- AVAILABLE RECORDS:
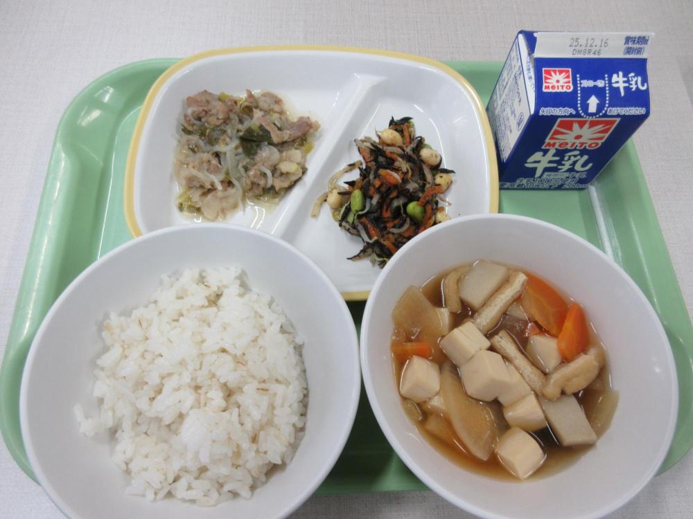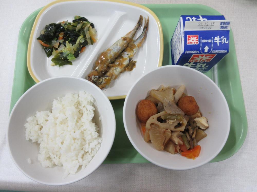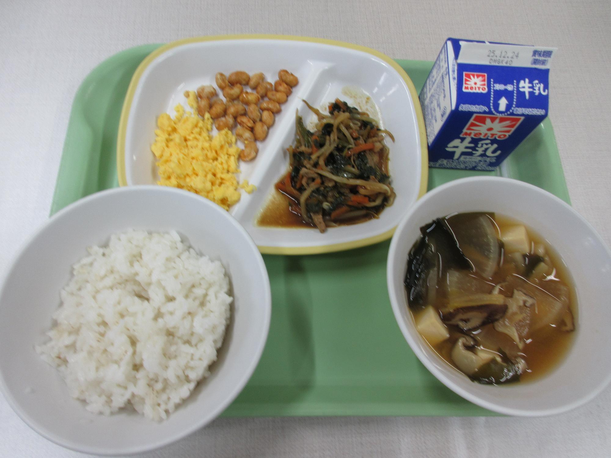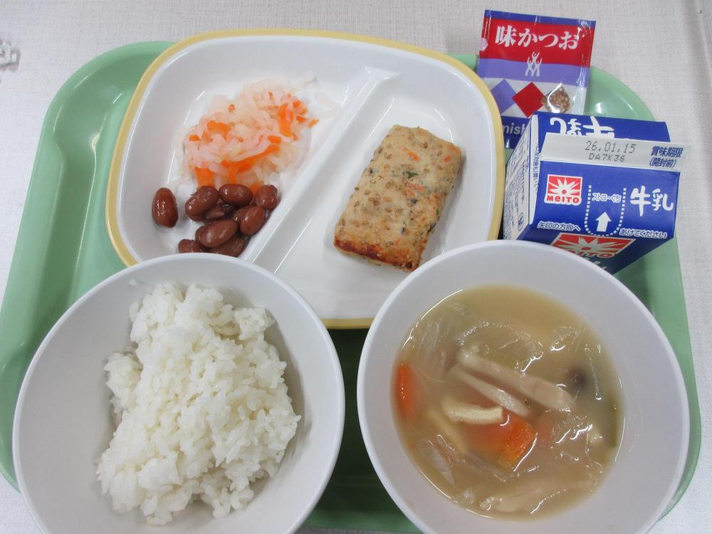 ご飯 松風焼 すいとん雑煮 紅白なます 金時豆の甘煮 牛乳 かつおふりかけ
...
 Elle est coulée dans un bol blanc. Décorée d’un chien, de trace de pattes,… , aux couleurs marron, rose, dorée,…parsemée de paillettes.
==
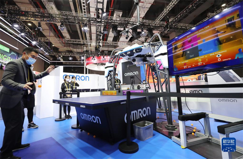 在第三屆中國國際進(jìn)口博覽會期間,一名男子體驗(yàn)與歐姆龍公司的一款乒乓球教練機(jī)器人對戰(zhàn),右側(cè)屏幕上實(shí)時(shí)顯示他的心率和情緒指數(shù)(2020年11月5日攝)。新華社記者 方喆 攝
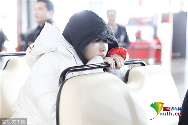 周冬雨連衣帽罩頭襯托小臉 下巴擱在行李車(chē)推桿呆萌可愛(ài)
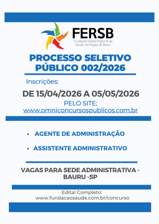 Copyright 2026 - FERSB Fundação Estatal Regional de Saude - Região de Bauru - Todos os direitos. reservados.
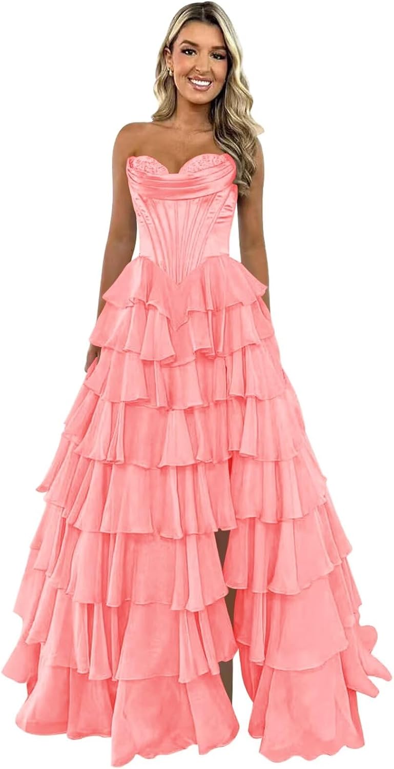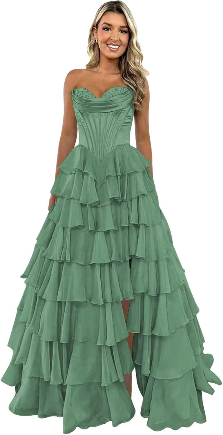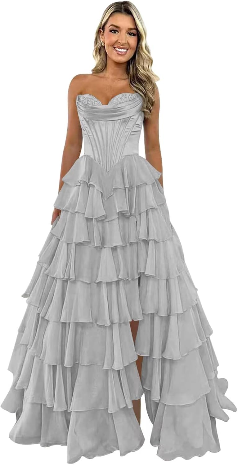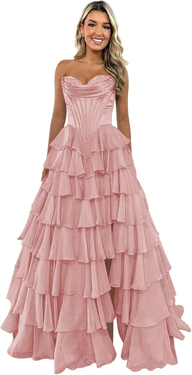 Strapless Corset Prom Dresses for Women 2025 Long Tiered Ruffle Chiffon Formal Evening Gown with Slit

- YOUR ASSIGNMENT: Give again the stretch of the entries above that begins at the line with "Copyright 2026 - FERSB" and ends at the line with "Strapless Corset Prom", word for word, with no pictures.

- WRITTEN REPLY:
 Copyright 2026 - FERSB Fundação Estatal Regional de Saude - Região de Bauru - Todos os direitos. reservados.
 Strapless Corset Prom Dresses for Women 2025 Long Tiered Ruffle Chiffon Formal Evening Gown with Slit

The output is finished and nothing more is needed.